Perhaps I'll take a drama-mine


----------



## pembroke (Sep 26, 2009)

No need to apologize, I think we were both suprised by the 'loser' comment.


----------



## caterchef (Oct 12, 2009)

My wife was a high school lifeguard and we just had our 50th anniversary
and after seeing the waitress pool for the last 55years I am glad the pool I chose from had water in it.:lol: I have seen more problems than I have seen success stories.
The advantages may be that you have something in common but ,the disadvantage is
tells each other how you deal with pressure both work and peers. :thumb:


----------



## just jim (Oct 18, 2007)

I don't think that's industry specific.
I think that's marriage in general.


----------



## caterchef (Oct 12, 2009)

Mabe I should have used a comma instead of a period and a smiley face
to connect it with the preceding remark. It's just that I have seen more problems with
co-workers dating a waitress than sucess stories of marriages.


----------



## just jim (Oct 18, 2007)

I agree, I've seen more failures than successes in the dating of co-workers.
But I still think that's pretty average in all relationships, co-workers or not.


----------



## rivver (May 13, 2009)

So my comment was removed? Nice job on censorship! Walk-inn cooler love, was it seriously that bad? I was just adding a little fun to this thread and anyone that works in a kitchen knows about walk-inn cooler love. I was unaware that joking was not accpeted behavior on this forum! However, aggression towards other posters seems perfectly fine.

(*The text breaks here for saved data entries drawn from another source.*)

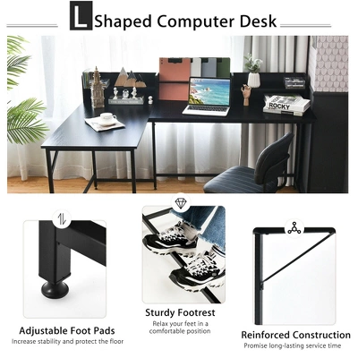 - L-shaped Corner Design: The L shaped corner computer desk fits nicely in a corner to make full use of every space. It can be placed in your dormitory, small apartment and other limited space. Meanwhile, the cross bars take the stability to next level and enable you to rest your feet at a comfortable level.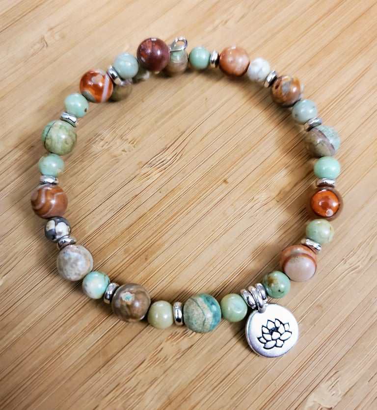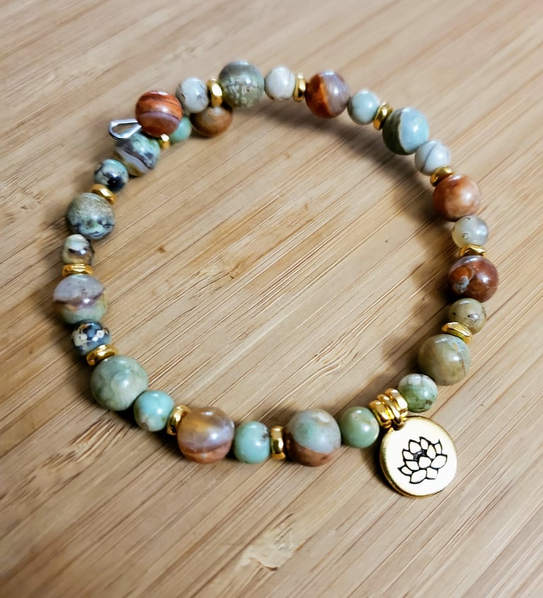 Inspired by the popular Mala bracelet style this bracelet features Dragon Skin Agate and Chrysoprase gemstones. Highlighted with non tarnish pewter beads and finished with a pewter lotus charm. Strung on stainless steel memory wire, bracelet will naturally adjust to the size of your wrist. Available in gold and silver finish. Shipping is free within the US. Worldwide shipping is available.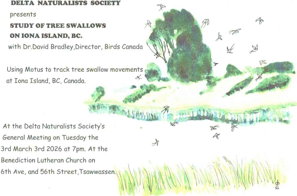 | March Date: Tuesday 3rd, 2026 IN PERSON Social time 7:00 – 7:30 pm, DNS Business 7:30 – 8:00 pm Presentation 8:00 – 9:00 pm Guest Speaker: David Bradley Topic: Using the Motus Wildlife Tracking System to study Tree Swallows at Iona Island |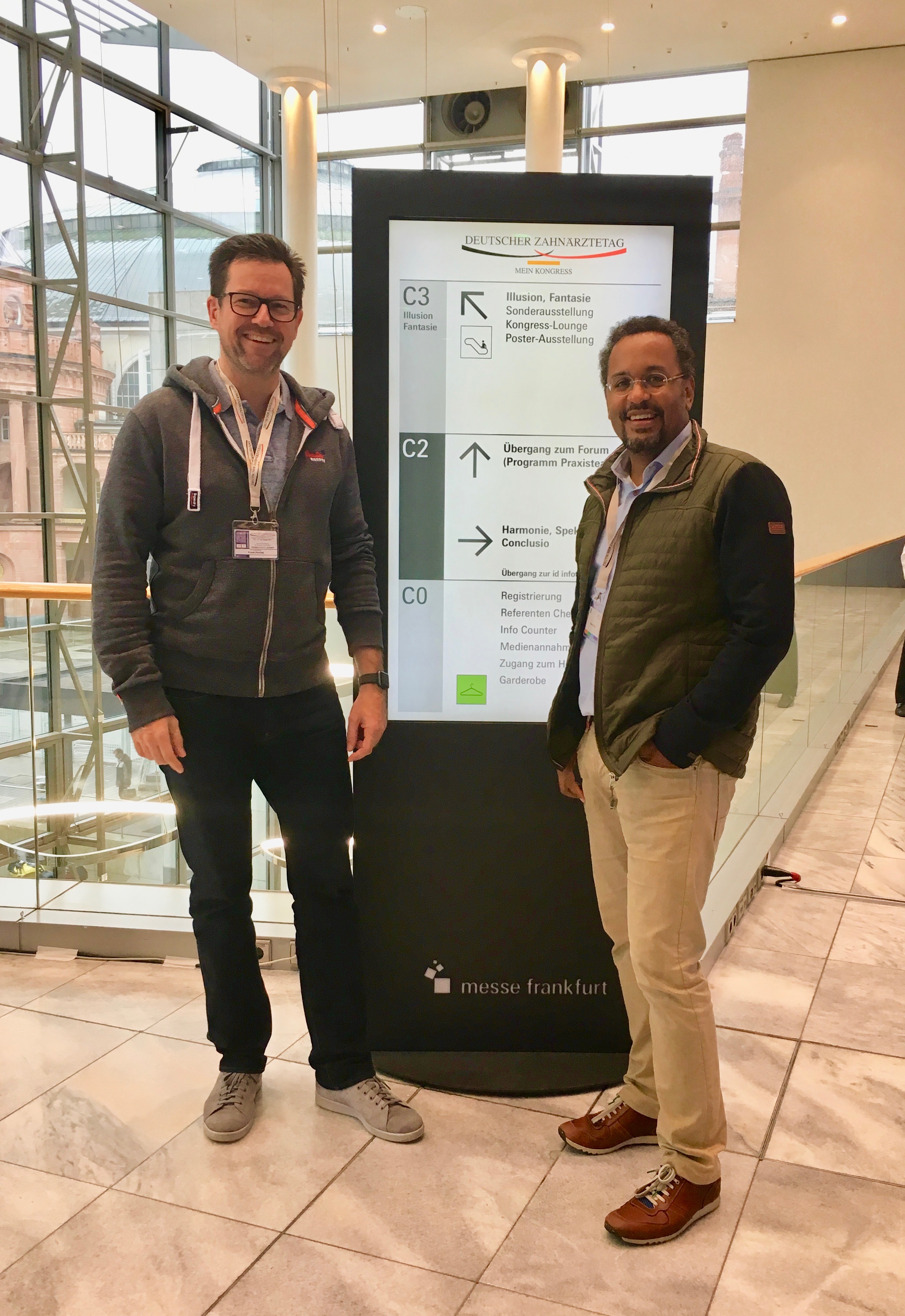 Dr. Pawlak mit seinem Kollegen Dr. Laja beim Deutschen Zahnärztetag in Frankfurt 2017. Auf dem Kongress wurden aktuelle Themen zur Zahnerhaltung, Parodontitistherapie, Kinderzahnheilkunde und Implantologie aus dem Praxisalltag und der Wissenschaft präsentiert.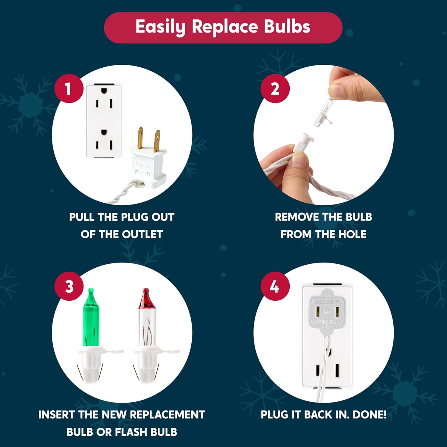 • All-Weather Durability & Independent Bulb Design.Engineered for reliability, these individually wired bulbs ensure that if one burns out, the others remain lit! Constructed with weather-resistant materials to withstand outdoor elements, and includes replacement bulbs and fuses for convenient maintenance—perfect for year-round decorative use.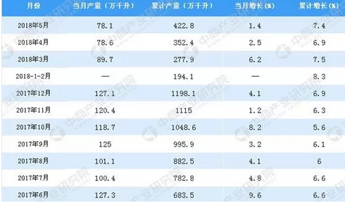 数据显示,2018年5月全国白酒产量为78.1万千升,同比增长1.4%。2018年1-5月全国白酒产量为422.8万千升,累计增长7.4%。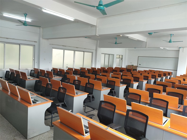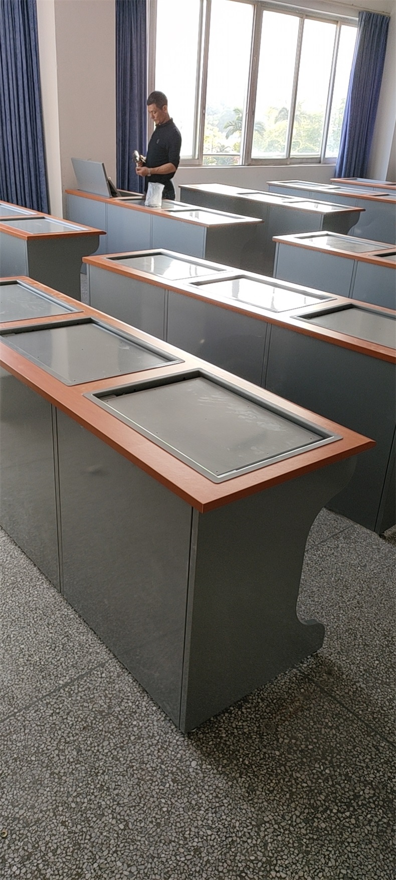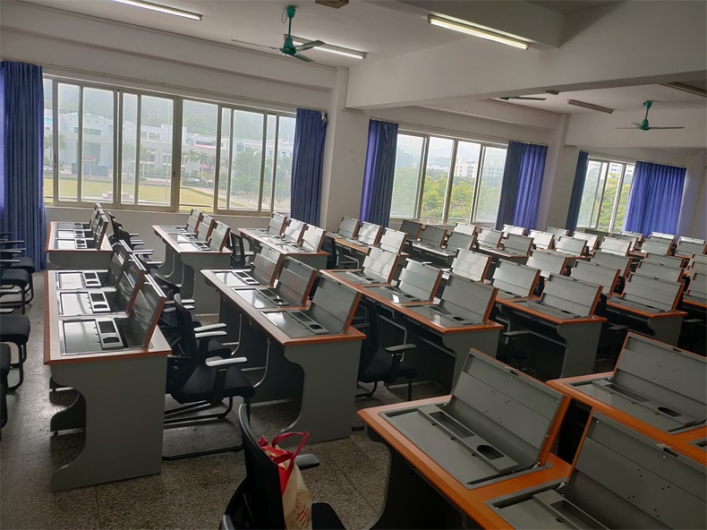 根據惠州學院計算機教室使用要求,方方智能為該學校設計了電腦翻轉桌。翻轉器與電腦桌配套使用,拉動開關按鈕液晶顯示屏會自動翻起,鍵盤也同時升起與桌面齊平;當不需要使用電腦時,可用手動按下翻蓋面板,整個翻轉器與桌面齊平,和普通的教室無異。產品具有防盜、防塵保持桌面平整,美化桌面等功能,電腦桌內還可以存放各類文具和學習用品,實現普通教室與計算機教室模式相互切換快速,不阻礙老師與學生之間目光交流,滿足一教室多用的需求

To whom ever removed my comment, your use of censorship is amazing! Joking about a subject = bad. Insulting people = good. Well done! Please, go buy yourself a black marker and read Kitchen Confidential and censor it. Then reread the two page book.


----------



## pembroke (Sep 26, 2009)

I thought it was quite funny and certainly not offensive, funny old thread this is turning out to be.....


----------



## just jim (Oct 18, 2007)

My wife is getting a kick out of it.......

.....but you know what a loser she is. :roll:


----------



## rivver (May 13, 2009)

I was surprised it was removed, considering that there is a 3-4 page of drug use in the work place post. This is why censoring posts are a bad thing. I can understand If someone is being racist, or threating, but to censor such a vague statement as walk-inn cooler love? What does that mean? Maybe I was reading a waitress some poetry that I wrote? Your hair shines like my demi glace, your eyes bright and red like the coals in my grill....wait, why are your eyes so,... you been drinking the kitchen hooch?!


----------